曲調で言うと、アップテンポな曲もありますし、バラードチックなのもあります。すごく幅広い楽曲がそろっているので、初めて聞いたときに「こんなにあるんだ」と驚きました。最初から、楽曲数もかなり多いと思っていたのですが、演出家の星田(良子)先生が「もう1曲増やしました」と言うので、「いや、増やさなくていいよ!」って思いました(笑)。
(取材当時)僕がピアノを生で弾くシーンがあるのかまだ分からないのですが、もしやるとなったらそれは大きな挑戦です。それから、この作品は二人芝居なのに、せりふの掛け合いが少ないので、それは僕にとって初めてのことで、不思議な感覚があります。藤本(隆宏)さんは親友役であり、ストーリーテラーという役どころでもあるので、説明口調が多いのですが、僕は自分の心情を語るシーンが多い。例えば、外に出てみたいという欲求、妄想のせりふだったり…。せりふというよりは“ポエム”。2人でいるのに、会話のキャッチボールが少ないので、そこが難しいと感じています。

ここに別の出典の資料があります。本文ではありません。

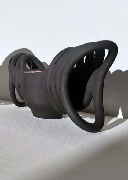 Anne Agbadou-Masson / atelier Anneagma, partage cette exigence du geste mais dans le domaine de la céramique. Entre grès, porcelaine et faïence, elle explore le geste, la transformation par le feu et le lien charnel à la matière. Inspirée par son métissage et une mémoire à la croisée de l’Afrique et de l’Europe, elle crée des formes organiques et expressives, proches de la sculpture. Ses pièces uniques, traduisent une tension entre puissance et délicatesse, où chaque volume semble porter la trace d’une énergie vitale et d’un héritage intérieur. Ensemble, ces créateurs traduisent, chacun à leur manière, la force du geste et la profondeur du lien entre la main et la matière.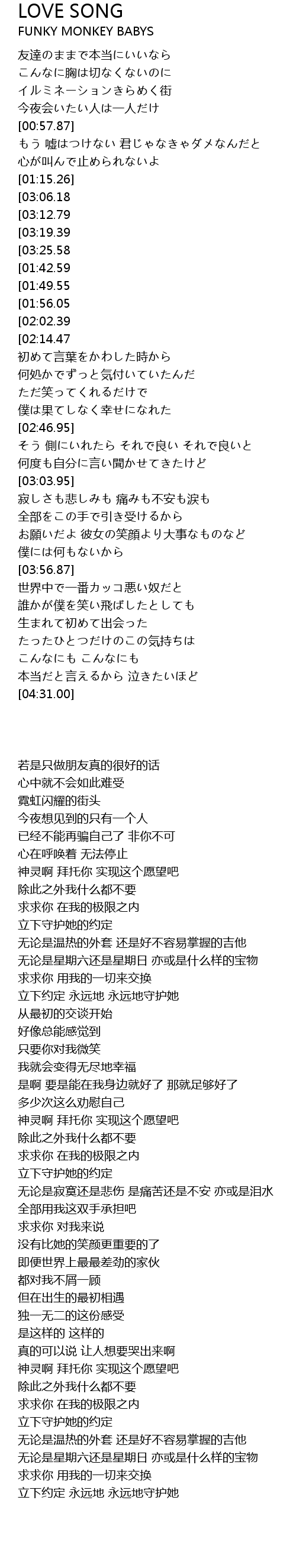 | [03:44.76] | お願いだよ 彼女の笑顔より大事なものなど |

そうですね。僕、せりふを覚えるときも、まず相手のせりふから覚えるんです。会話だと、相手のせりふさえ覚えていれば、「こういう言葉を返すよね」って、自分のせりふも頭に入ってきやすいので。ですが、今回はその覚え方が通用しない。ひたすらポエムを覚えなきゃ、みたいな感じです(笑)。
一度お会いしましたが、めちゃくちゃいい体つきをしてました(笑)。(競泳選手として)バルセロナオリンピックに出ていたと聞いて本当にびっくりしました。稽古でお会いしたら、ぜひそのお話を聞きたいと思います。なぜ“こっちの世界”に転職したのかも気になるので。
それは昔からずっと思っています(笑)。ピアノをやっている方が耳は断然良くなりますよね。「何の楽器やっておけばよかった?」という質問をされると、「いや~、ギターじゃなくてピアノだったなあ」というのは常にあります。僕は子どもの頃、野球をやっていましたが、この仕事をしている以上は野球よりもピアノだったなと思います(笑)。
どんなに忙しくても、ジムには行っています。あとは早寝早起きかな。おじいちゃんみたいな生活をします(笑)。何もないときは、夜は9時半までには寝るし、舞台の本番中は遅くても11時過ぎには布団の中に入っています。
そうですね。ジムも健康のために行っています。体を動かして、筋肉を動かしていると、体調がいいんです。ジムに通い出してからまだ3カ月ぐらいなんですけど、自分言うのもなんですが、いい体になってきました(笑)。あと夜の寝付きもよくなりました。
どうなんですかね。でも、楽屋で僕の裸を見たとっつー(戸塚祥太)は「仕上げってるね~。俺もジム行こうかな」と、言っていました(笑)。
何だろう…。もともと僕、舞台が好きじゃなかったんですよ、でもジャニー(喜多川)さんに「舞台が一番大切なんだよ」と教えられたんです。ジャニーさんが「舞台に立てる人間が、最後まで生き残るんだよ」って言ったのを、すごく覚えています。僕が20歳か21歳ぐらいのときかな。その頃から舞台に対する気持ちも、歌に対する気持ちも変わってきました。それまでも手を抜いていたわけではないですが、「やんなきゃいけないからやってる」みたいな感じだったんです。